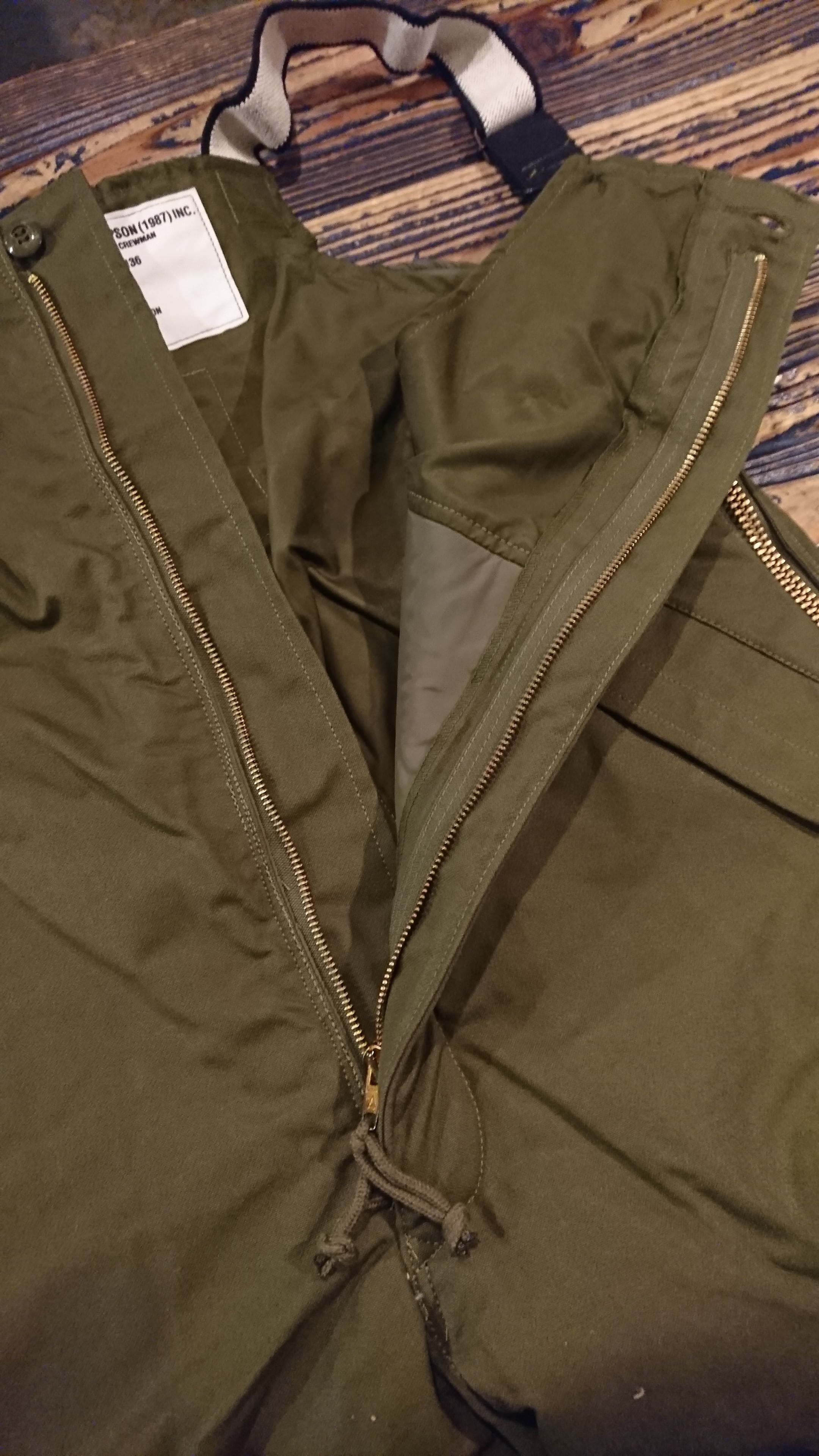 コットン×ナイロンを使用した撥水性に優れた素材で、中綿にはウールを100%使用した防寒性のあるヘビーウェイトオーバーオールです。両サイドにベルクロ開閉式のハンドポケット、サイドのカーゴポケットもベルクロで開閉する仕様です。フロント、サイド、裾部分全てが金属製のダブルジッパー仕様で汎用性の高いデザインに。
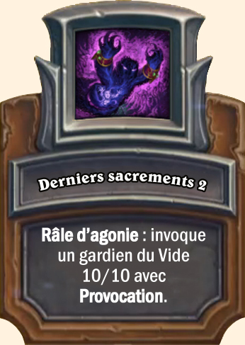 Derniers sacrements Râle d'agonie : invoque un gardien du Vide 17/17 avec Provocation Râle d'agonie : invoque un gardien du Vide 25/25 avec Provocation |
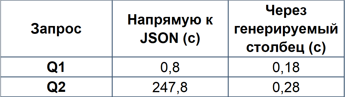 - q1: вложенное поле было извлечено из большого поля JSON с помощью генерируемого столбца, что позволило сократить затраты на передачу данных и увеличить скорость более чем в 4 раза.
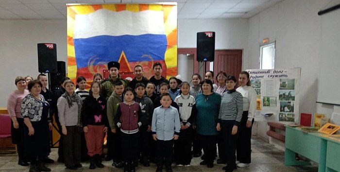 Вместе с сотрудниками библиотеки и СДК ребята говорили о структуре нашей армии, вспоминали подвиги солдат разных поколений. Школьники не только слушали, но и сами участвовали в викторине, а также смотрели видео по теме.

_EXERCISE DESCRIPTION_
In the material above, one part opens with the line containing "Derniers sacrements Râle" and closes with the line containing "- q1: вложенное". Write out that part exactly and skip its pictures.

_SOLVED PROBLEM_
 Derniers sacrements Râle d'agonie : invoque un gardien du Vide 17/17 avec Provocation Râle d'agonie : invoque un gardien du Vide 25/25 avec Provocation |
 - q1: вложенное поле было извлечено из большого поля JSON с помощью генерируемого столбца, что позволило сократить затраты на передачу данных и увеличить скорость более чем в 4 раза.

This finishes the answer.